Paste two equal-length lists of numbers (X and Y) to instantly compute the Pearson correlation coefficient r, the pair count n, and a plain-English reading of how strongly the two variables move together.

Enter two equal-length lists of numbers separated by commas, spaces, or new lines.

Pearson correlation coefficient (r)
0.774597

Strong positive correlation

r² (variance explained)0.6
Pairs (n)5
Mean of X (x̄)3
Mean of Y (ȳ)4
Σ(x−x̄)(y−ȳ)6
Σ(x−x̄)²10
Σ(y−ȳ)²6

r ranges from −1 to +1. The sign shows direction; the magnitude shows strength. r² is the share of variance the two variables share.

Quick answer

The Pearson correlation coefficient r measures the linear relationship between two variables and is computed as r = Σ((x−x̄)(y−ȳ)) / √(Σ(x−x̄)²·Σ(y−ȳ)²). It always falls between −1 (perfect negative) and +1 (perfect positive), with 0 meaning no linear relationship. For X = 1,2,3,4,5 and Y = 2,4,5,4,5 the numerator is 6 and the denominator is √(10·6) = 7.7460, so r ≈ 0.7746 — a strong positive correlation.

Formula & method

Pearson correlation coefficient

r = Σ((x − x̄)(y − ȳ)) / √( Σ(x − x̄)² · Σ(y − ȳ)² )
  • r Pearson correlation coefficient, ranging from −1 to +1
  • x, y Paired data values from the two lists
  • x̄, ȳ Arithmetic means of the X and Y lists
  • Σ Sum taken over all n paired observations
  • n Number of (x, y) pairs; both lists must have the same count

The numerator Σ((x−x̄)(y−ȳ)) is the sum of products of deviations (covariance × n).

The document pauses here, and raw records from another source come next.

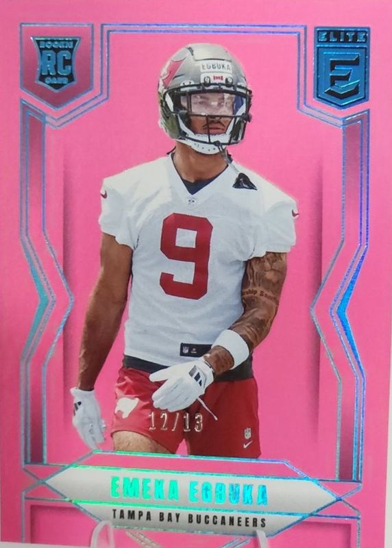 The Emeka Egbuka 2025 Elite #102 FOTL Pink /13 Rookie card in Raw condition has not changed in price in the last 30 days and was last sold for $181.50 .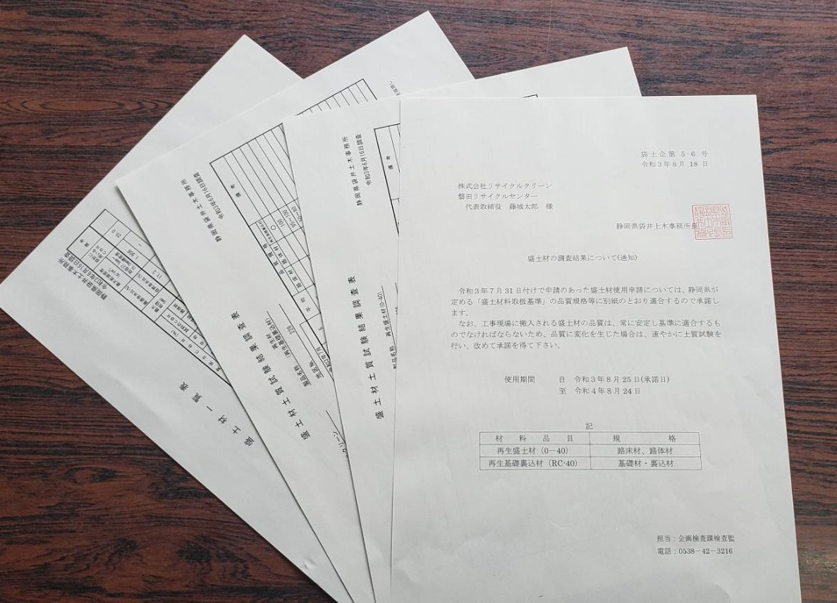 令和3年度 材料承認 2021年9月22日 磐田工場 こんにちは☀ ㈱リサイクルクリーン磐田工場です。 令和3年度の材料承認願が出来て来ました♥♥♥ 静岡県袋井土木事務所に、盛土材使用申請をし 静岡県が定める『盛土材料取扱基準』の品質規格等に適合した為 承諾を得ましたので報告させて頂きます。 現場までの配達も大型ダンプ等にて対応します。 お気軽に相談してください。 ♥♥♥ 磐田市大久保729-1 ㈱リサイクルクリーン磐田工場 ℡ 0538-38-2851 FAX 0538-38-2862 ♥♥♥ ♣♣♣今日の磐田工場♣♣♣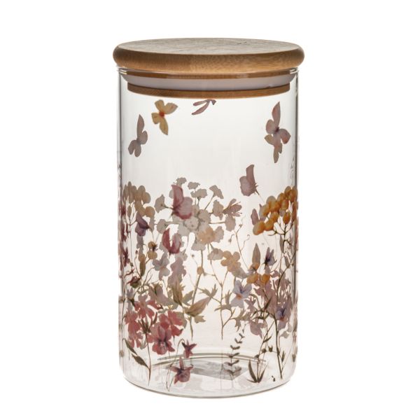 Skleněná dóza s bamusovým víkem - květiny, 670ml, 0/24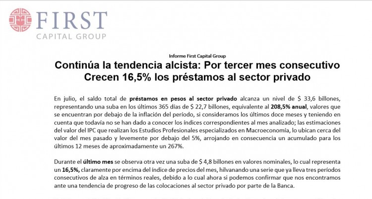 +Continúa la tendencia alcista: Por tercer mes consecutivo Crecen 16,5% los préstamos al sector privado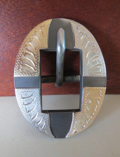 This is one new handmade ¾” headstall buckle made by long time bit and spur maker Don Rogers of Hereford, Texas. Don has been building since 1975 and his work is sought after by cowboys and collectors alike. Don is listed in Bits and Spurs, Motifs, Techniques and Modern Makers by Ned and Jody Martin. The back of the buckle is marked Rogers. The buckle is steel with a dark gray finish and is mounted with engraved brass and nickel silver.
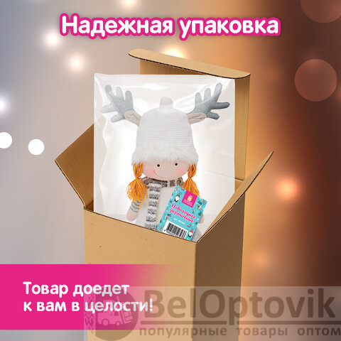 Украшение упаковано в пакет с клейким краем, а затем в прочный гофрокороб. Материал – полиэстер, металл. Размер с собранными ножками – 60см, размер с вытянутыми ножками – 75 см.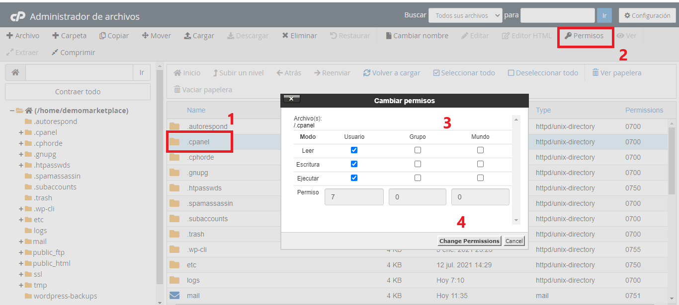 0644. - Haga clic en Cambiar permisos para guardar sus cambios.

Dividing by the product of the two standard-deviation-like roots rescales it to the fixed −1…+1 range, so r is unitless and unaffected by the scale of X or Y.

Examples

Example 1: Strong positive (the default)
Input
X = 1, 2, 3, 4, 5 Y = 2, 4, 5, 4, 5
Result
r ≈ 0.7746 (n = 5)
Why
Means are x̄ = 3 and ȳ = 4. Deviation products: (−2)(−2)+(−1)(0)+(0)(1)+(1)(0)+(2)(1) = 4+0+0+0+2 = 6. Σ(x−x̄)² = 4+1+0+1+4 = 10 and Σ(y−ȳ)² = 4+0+1+0+1 = 6, so denominator = √(10·6) = √60 = 7.7460. r = 6 / 7.7460 = 0.7746.
Example 2: Perfect positive correlation
Input
X = 1, 2, 3, 4 Y = 2, 4, 6, 8
Result
r = 1 (n = 4)
Why
Every Y value is exactly 2×X, so the points lie on a straight rising line. The numerator equals √(Σ(x−x̄)²·Σ(y−ȳ)²) exactly, giving r = 1. A correlation of +1 means a perfect positive linear relationship; note it does not require Y = X, only a constant positive ratio plus offset.
Example 3: Perfect negative correlation
Input
X = 1, 2, 3, 4, 5 Y = 10, 8, 6, 4, 2
Result
r = −1 (n = 5)
Why
As X rises by 1, Y falls by 2 every time, so the points lie on a straight descending line. The deviation products are all negative and the magnitudes match the denominator exactly, giving r = −1, the strongest possible negative linear relationship.
Example 4: Near-zero correlation
Input
X = 1, 2, 3, 4, 5 Y = 5, 3, 8, 2, 6
Result
r ≈ 0.0662 (n = 5)
Why
Means are x̄ = 3 and ȳ = 4.8. The sum of deviation products is just 1, while Σ(x−x̄)² = 10 and Σ(y−ȳ)² = 22.8, so r = 1 / √(10·22.8) = 1 / 15.0997 = 0.0662. A value this close to 0 indicates essentially no linear relationship between X and Y.

When to use this tool

  • When you have two columns of paired measurements (e.g. hours studied vs. exam score) and want a single number for how strongly they move together.
  • When checking whether two financial, scientific, or survey variables have a positive, negative, or negligible linear association before deeper modeling.
  • When you need the input to other statistics such as r² (coefficient of determination) or the slope of a simple linear regression line.
  • When teaching or learning statistics and you want to see the means, deviation sums, and final r worked out for a small dataset.

Common mistakes

  • Submitting lists of different lengths. Pearson r needs paired observations, so X and Y must contain exactly the same number of values — the calculator flags a mismatch instead of guessing.
  • Reading r as a percentage or as the slope of a line. r is a unitless index of linear strength and direction; the proportion of variance explained is r² (e.g. r = 0.77 → r² ≈ 0.60, or 60%), not r itself.
  • Concluding causation from a high r. Correlation only describes how two variables move together; a confounding variable or pure coincidence can produce a strong r with no causal link.
  • Trusting r when the true relationship is curved. Pearson r measures only the linear component, so a strong U-shaped or exponential pattern can still return an r near 0.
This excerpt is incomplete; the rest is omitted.